**EXERCISE PROMPT**
Retype the listing exactly, with no images.

─── DATA FOR PROCESSING ───

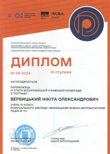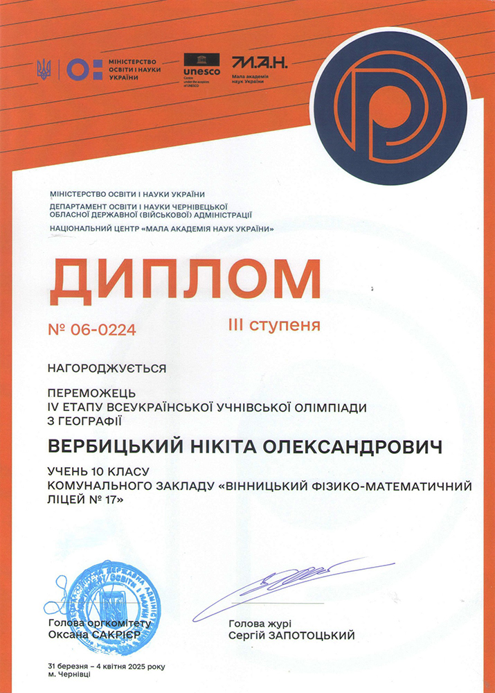 | 1 | Вербицький Нікіта Олександрович | 10 | ІІІ | Коршак Алла Анатоліївна |
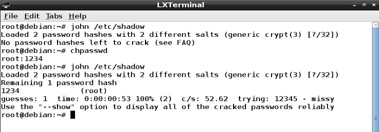 Pour cela, il faut installer l'application John the ripper, sous debian : apt-get install johnJ'ai positionné un mot de passe facile (1234) simple afin que la recherche ne prenne pas trop de temps. Ensuite, il suffit de lancer la commande : john /etc/shadow
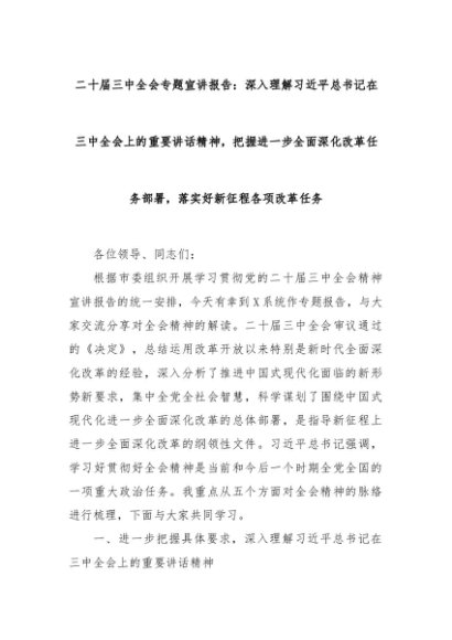 【七哥公文】2024年:二十届三中全会专题宣讲报告:深入理解习近平总书记在三中全会上的重要讲话精神,把握进一步全面深化改革任务部署,落实好新征程各项改革任务+更多免费公文+VX:QiGeGongWen2024
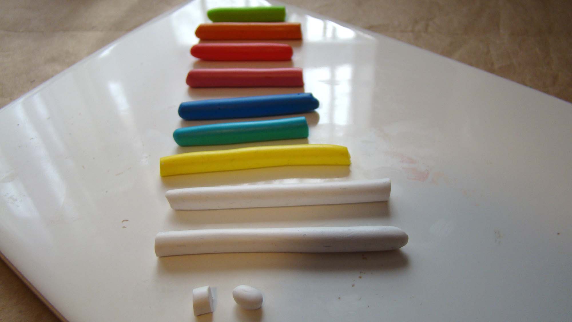 To make the eggs I started with rolling clay colors into ropes then slicing making equal sized slices that eventually got rolled into egg shapes in the palm of my hand. I used this same technique to make the jelly beans but on a much smaller scale!
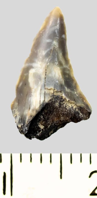 Зуб (фрагмент). Акула. Otodus subserratus (Agassiz, 1843). Классификация: Хордовые Chordata, Позвоночные Vertebrata, Хрящевые рыбы Chondrichthyes, Пластиножаберные Elasmobranchii
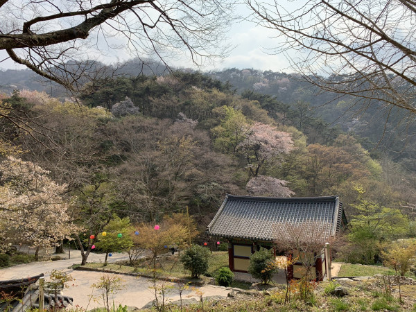 산벚꽃이 만개한 산사
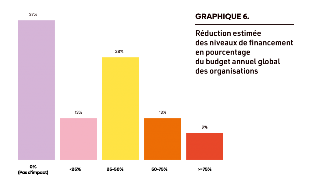 • Les personnes transgenres sont également fortement touchées : 71 % des organisations rapportent un impact sur leurs services, et 10 % ont arrêté complètement leurs activités.
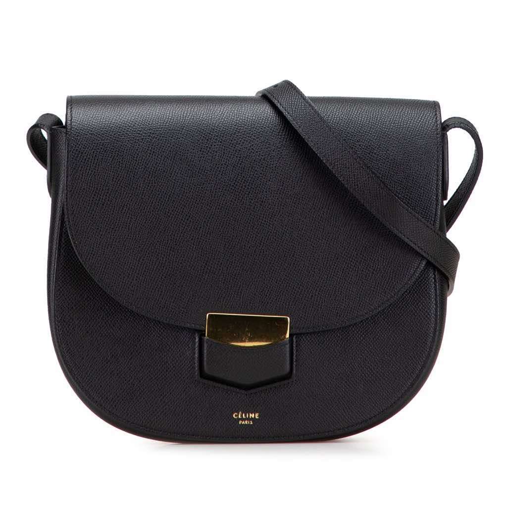 The Trotteur features a leather body, an adjustable flat leather shoulder strap, a front flap with a tuck-in closure, an exterior back slip pocket, and interior slip pockets.
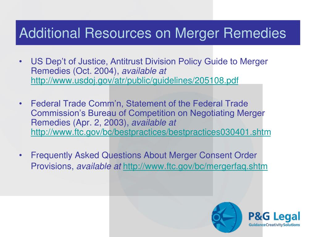 Additional Resources on Merger Remedies • US Dep’t of Justice, Antitrust Division Policy Guide to Merger Remedies (Oct. 2004), available athttp://www.usdoj.gov/atr/public/guidelines/205108.pdf • Federal Trade Comm’n, Statement of the Federal Trade Commission’s Bureau of Competition on Negotiating Merger Remedies (Apr. 2, 2003), available athttp://www.ftc.gov/bc/bestpractices/bestpractices030401.shtm • Frequently Asked Questions About Merger Consent Order Provisions, available athttp://www.ftc.gov/bc/mergerfaq.shtm
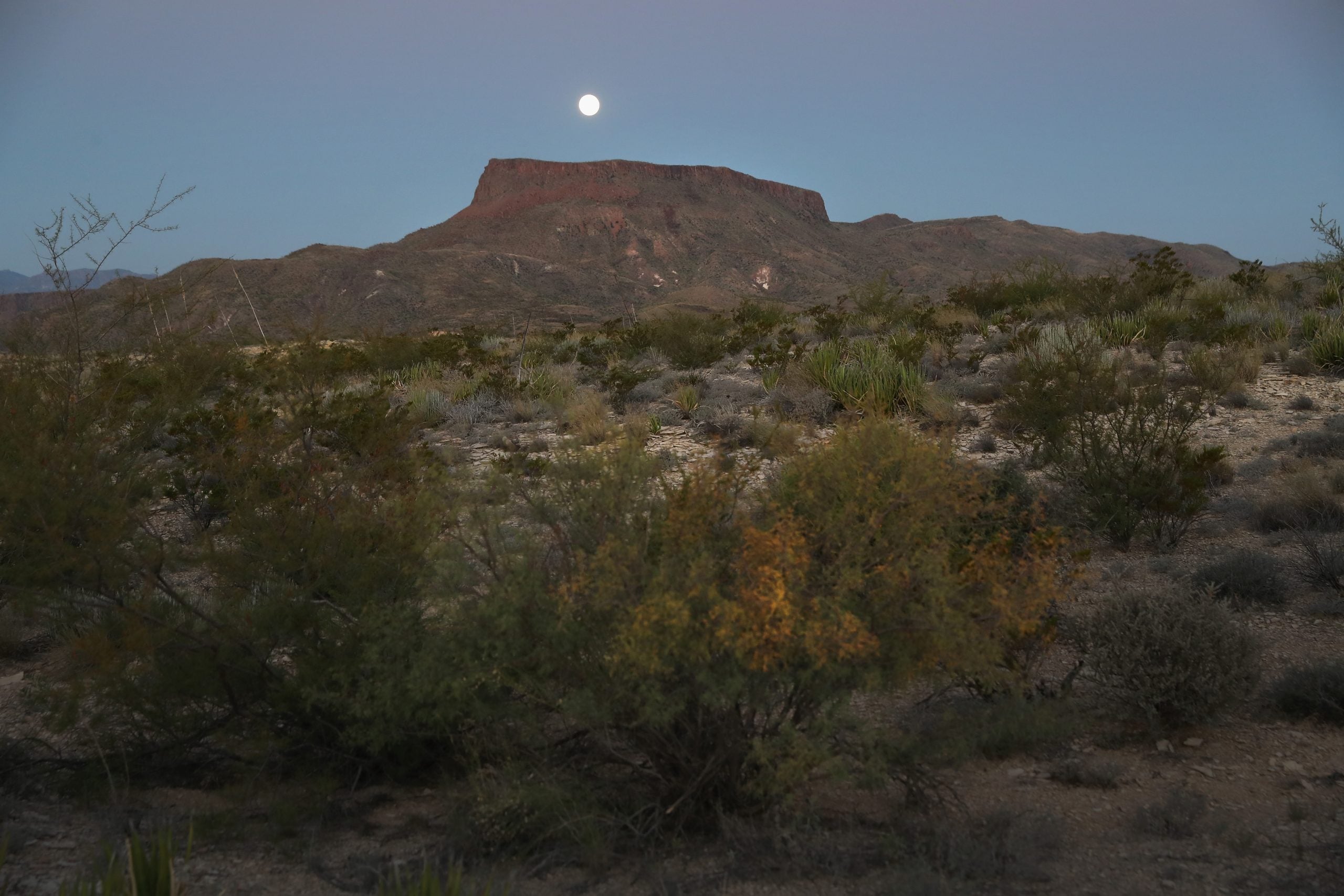 TERLINGUA, TX - OCTOBER 16: A full moon sets on October 16, 2016 in the Big Bend region of near Terlingua in west Texas.
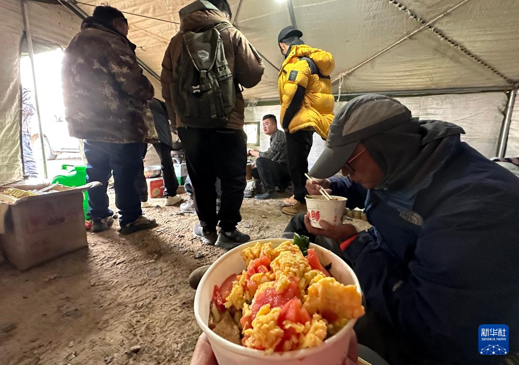 6月13日,記者在享用帳篷裏的晚餐。新華社記者 費茂華 攝
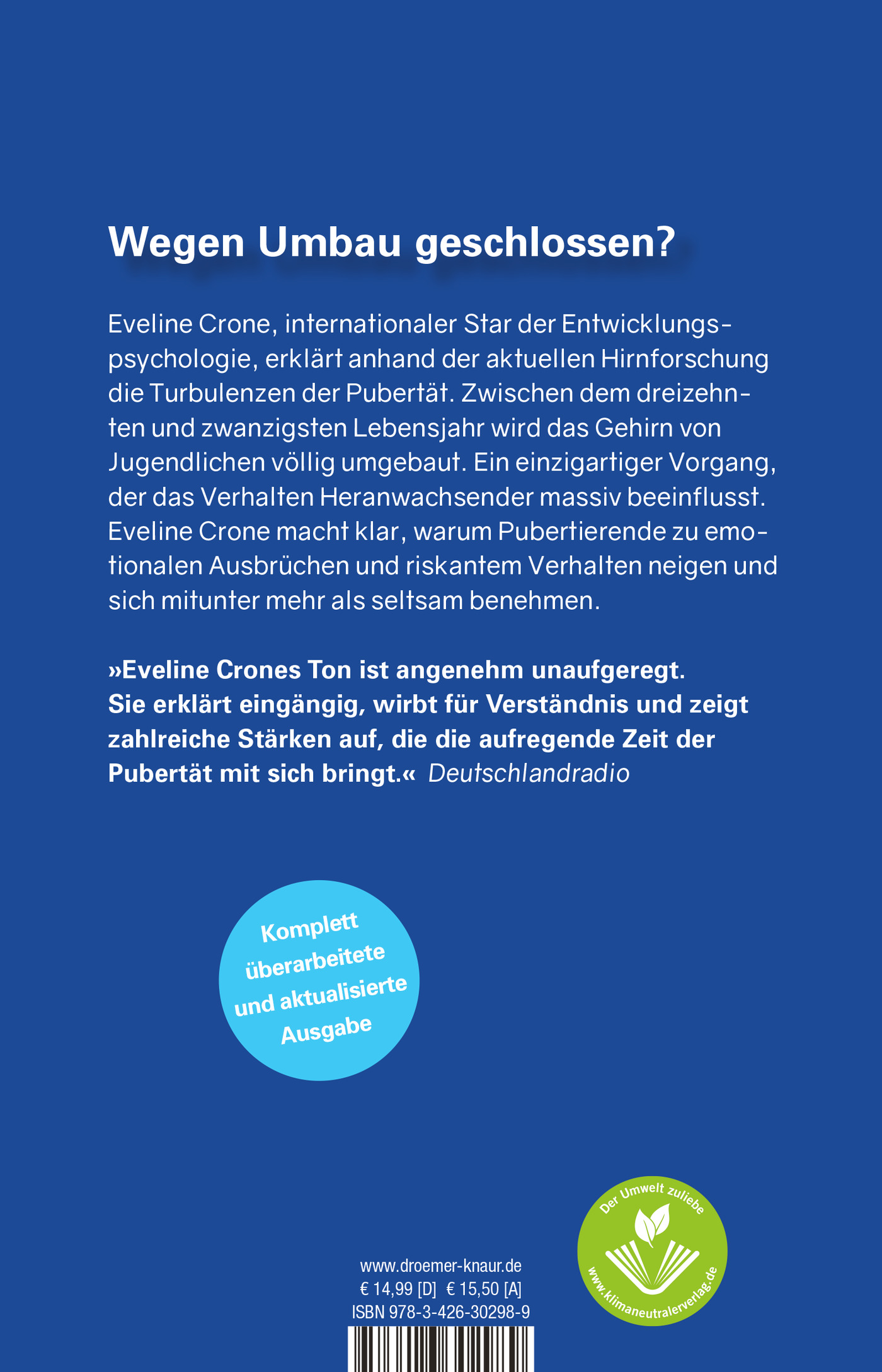Früher wurde alles auf die Hormone geschoben, doch seit einigen Jahren steht fest: Während der Adoleszenz wird das menschliche Gehirn noch einmal völlig umgebaut - was das Verhalten der Heranwachsenden über Jahre beeinflusst. In ihrem Buch beschreibt die renommierte Neurowissenschaftlerin Eveline Crone auf ebenso zugängliche wie höchst informative Weise die aktuellen Erkenntnisse der Hirnforschung - und erklärt, warum Pubertierende morgens nicht aus dem Bett kommen, plötzlich nicht mehr mit den Eltern reden wollen und sich in einem Sturm der Gefühle mitunter recht seltsam verhalten.
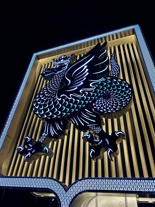 Конструкция четырехметровая, покрыта нержавеющей сталью и алюминием, буквы и герб украшены перфорацией. Но еще не все доделано. Завершат до конца августа, сообщили в комитете внешнего благоустройства
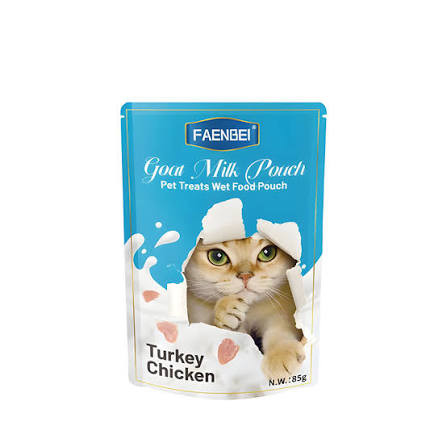خرید پوچ گربه فنبی طعم بوقلمون و مرغ در شیر بز وزن ۸۵ گرم
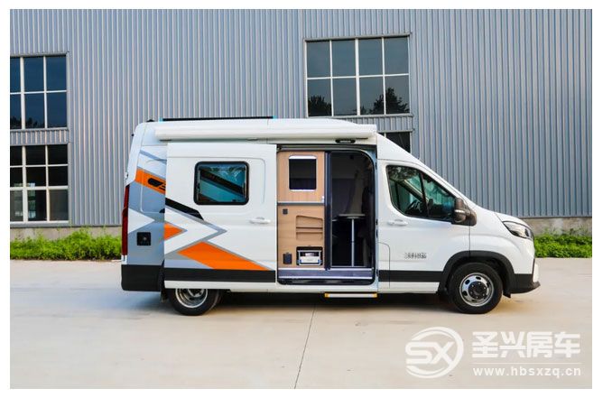 車身外觀采用拉花設計,簡約低調,整車尺寸為:5940 x 2110 x 2780(2980)mm。主駕駛一側標配:重力注水口和220V市電接口。入戶門一側配備:戶外廚房柴油霧化爐裝置、3000X2500(mm)遮陽棚、房車專用紗門、房車專用踏步;車體兩側均設有戶外照明燈,車頂為太陽能電池板及衛浴間雙向換氣扇,尾門可呈180°開啟。
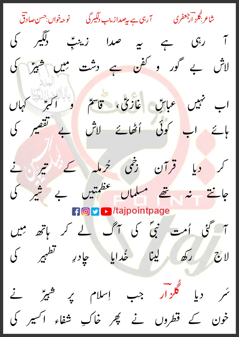 Aa Rahi Hai Ye Sada Zainab e Dilgeer Ki Hasan Sadiq Lyrics Urdu 1998
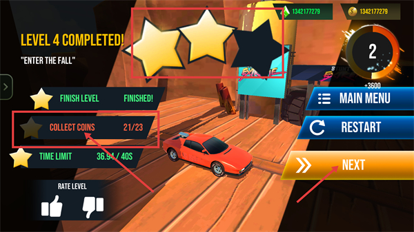 4、完成Level-4后,收集【21/23】金币获两颗星,点击【NEXT】进入下一关,持续推进游戏进度。
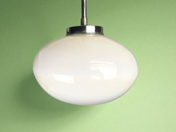 Ovale Art Deco Hängelampe aus weißem OpalglasOvale Art Deco Hängelampe aus weißem Opalglas
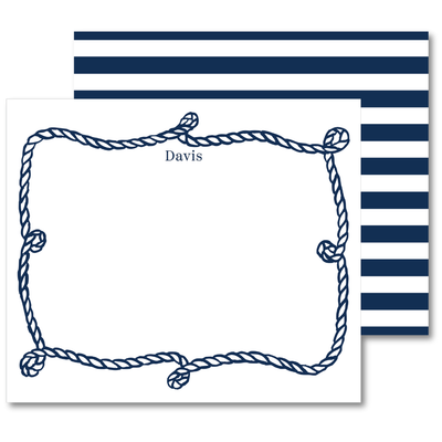 NAVY ROPE + STRIPES PERSONALIZED FLAT NOTE CARDS | PERSONALIZED FLAT NOTE CARDS
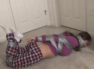 Ashlee calls her husband to tell him she is scare and for him to come home. When he refuses, she expresses her anger and tells him that one day he is going to come home to find her tied up and gagged with her pants down. She was almost right, because someone does come in, but instead of tying her up, he tapes her up.
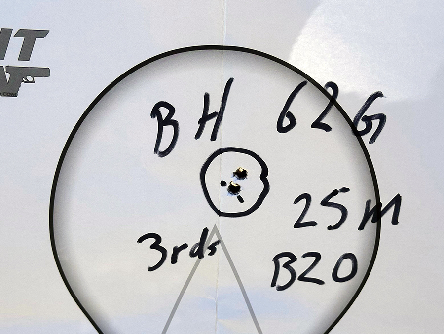 By the third 3-shot group, I had adjusted the EOTech reticle to where it needed to be at 25 meters. Then I took my time and slow-fired the final three shots for confirmation. Three rounds went into ¼ inch from that distance with two of the projectiles sharing one hole. I suppose you can say that the Tavor SAR has sufficient built-in accuracy.
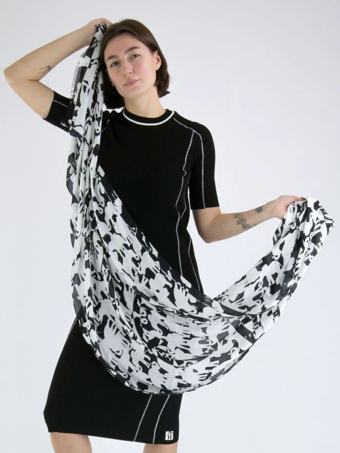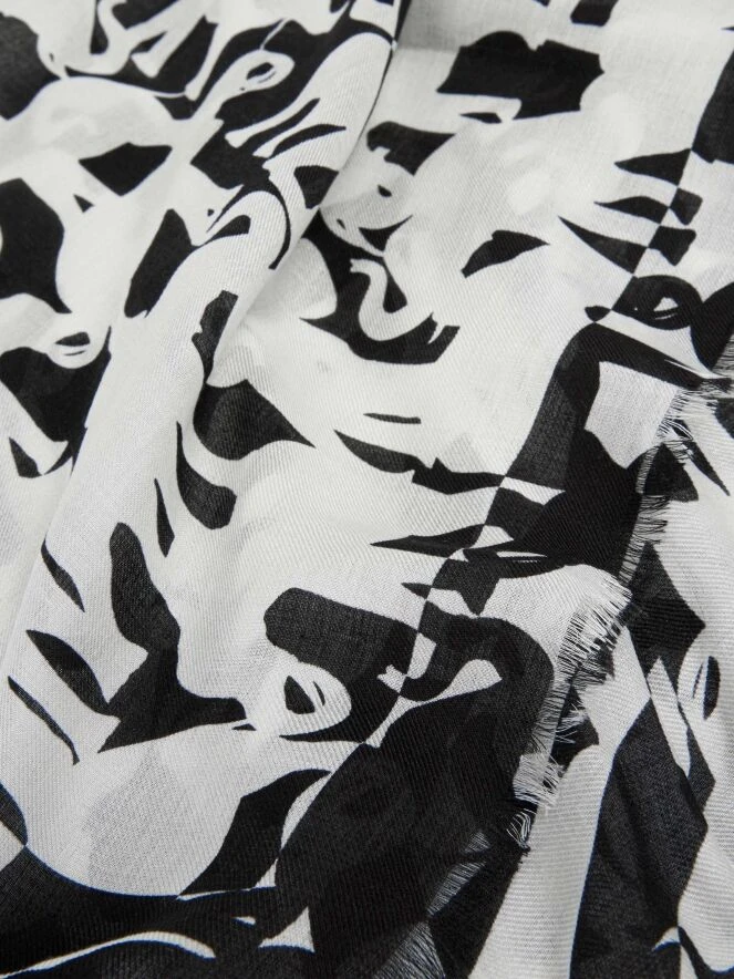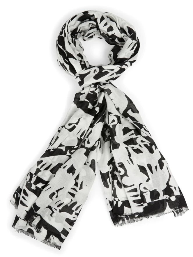 Ein luxuriöser und leicht transparenter Schal von Marc Cain mit einem grafischen Elefantenmuster in Schwarz und Weiß. Die Ränder der Enden sind fein ausgefranst. Dieser Schal kann von Hand gewaschen werden.
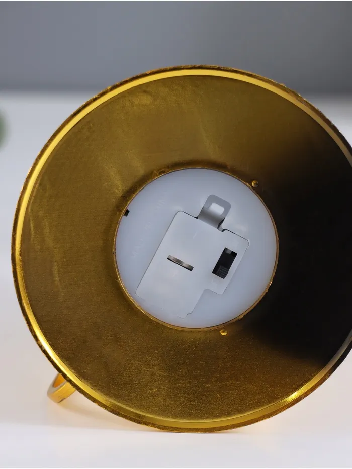 Эта стильная лампа выполнена в золотистом оттенке и изготовлена из качественного пластика, что делает её не только привлекательной, но и долговечной. Компактные размеры 11×11×22 см позволяют разместить её на любой поверхности, будь то полка, стол или подоконник.

───

**SOLUTION FOR THIS TASK**
 | 1 | Вербицький Нікіта Олександрович | 10 | ІІІ | Коршак Алла Анатоліївна |
 Pour cela, il faut installer l'application John the ripper, sous debian : apt-get install johnJ'ai positionné un mot de passe facile (1234) simple afin que la recherche ne prenne pas trop de temps. Ensuite, il suffit de lancer la commande : john /etc/shadow
 【七哥公文】2024年:二十届三中全会专题宣讲报告:深入理解习近平总书记在三中全会上的重要讲话精神,把握进一步全面深化改革任务部署,落实好新征程各项改革任务+更多免费公文+VX:QiGeGongWen2024
 To make the eggs I started with rolling clay colors into ropes then slicing making equal sized slices that eventually got rolled into egg shapes in the palm of my hand. I used this same technique to make the jelly beans but on a much smaller scale!
 Зуб (фрагмент). Акула. Otodus subserratus (Agassiz, 1843). Классификация: Хордовые Chordata, Позвоночные Vertebrata, Хрящевые рыбы Chondrichthyes, Пластиножаберные Elasmobranchii
 산벚꽃이 만개한 산사
 • Les personnes transgenres sont également fortement touchées : 71 % des organisations rapportent un impact sur leurs services, et 10 % ont arrêté complètement leurs activités.
 The Trotteur features a leather body, an adjustable flat leather shoulder strap, a front flap with a tuck-in closure, an exterior back slip pocket, and interior slip pockets.
 Additional Resources on Merger Remedies • US Dep’t of Justice, Antitrust Division Policy Guide to Merger Remedies (Oct. 2004), available athttp://www.usdoj.gov/atr/public/guidelines/205108.pdf • Federal Trade Comm’n, Statement of the Federal Trade Commission’s Bureau of Competition on Negotiating Merger Remedies (Apr. 2, 2003), available athttp://www.ftc.gov/bc/bestpractices/bestpractices030401.shtm • Frequently Asked Questions About Merger Consent Order Provisions, available athttp://www.ftc.gov/bc/mergerfaq.shtm
 TERLINGUA, TX - OCTOBER 16: A full moon sets on October 16, 2016 in the Big Bend region of near Terlingua in west Texas.
 6月13日,記者在享用帳篷裏的晚餐。新華社記者 費茂華 攝
Früher wurde alles auf die Hormone geschoben, doch seit einigen Jahren steht fest: Während der Adoleszenz wird das menschliche Gehirn noch einmal völlig umgebaut - was das Verhalten der Heranwachsenden über Jahre beeinflusst. In ihrem Buch beschreibt die renommierte Neurowissenschaftlerin Eveline Crone auf ebenso zugängliche wie höchst informative Weise die aktuellen Erkenntnisse der Hirnforschung - und erklärt, warum Pubertierende morgens nicht aus dem Bett kommen, plötzlich nicht mehr mit den Eltern reden wollen und sich in einem Sturm der Gefühle mitunter recht seltsam verhalten.
 Конструкция четырехметровая, покрыта нержавеющей сталью и алюминием, буквы и герб украшены перфорацией. Но еще не все доделано. Завершат до конца августа, сообщили в комитете внешнего благоустройства
خرید پوچ گربه فنبی طعم بوقلمون و مرغ در شیر بز وزن ۸۵ گرم
 車身外觀采用拉花設計,簡約低調,整車尺寸為:5940 x 2110 x 2780(2980)mm。主駕駛一側標配:重力注水口和220V市電接口。入戶門一側配備:戶外廚房柴油霧化爐裝置、3000X2500(mm)遮陽棚、房車專用紗門、房車專用踏步;車體兩側均設有戶外照明燈,車頂為太陽能電池板及衛浴間雙向換氣扇,尾門可呈180°開啟。
 Aa Rahi Hai Ye Sada Zainab e Dilgeer Ki Hasan Sadiq Lyrics Urdu 1998
 4、完成Level-4后,收集【21/23】金币获两颗星,点击【NEXT】进入下一关,持续推进游戏进度。
 Ovale Art Deco Hängelampe aus weißem OpalglasOvale Art Deco Hängelampe aus weißem Opalglas
 NAVY ROPE + STRIPES PERSONALIZED FLAT NOTE CARDS | PERSONALIZED FLAT NOTE CARDS
 Ashlee calls her husband to tell him she is scare and for him to come home. When he refuses, she expresses her anger and tells him that one day he is going to come home to find her tied up and gagged with her pants down. She was almost right, because someone does come in, but instead of tying her up, he tapes her up.
 By the third 3-shot group, I had adjusted the EOTech reticle to where it needed to be at 25 meters. Then I took my time and slow-fired the final three shots for confirmation. Three rounds went into ¼ inch from that distance with two of the projectiles sharing one hole. I suppose you can say that the Tavor SAR has sufficient built-in accuracy.
 Ein luxuriöser und leicht transparenter Schal von Marc Cain mit einem grafischen Elefantenmuster in Schwarz und Weiß. Die Ränder der Enden sind fein ausgefranst. Dieser Schal kann von Hand gewaschen werden.
 Эта стильная лампа выполнена в золотистом оттенке и изготовлена из качественного пластика, что делает её не только привлекательной, но и долговечной. Компактные размеры 11×11×22 см позволяют разместить её на любой поверхности, будь то полка, стол или подоконник.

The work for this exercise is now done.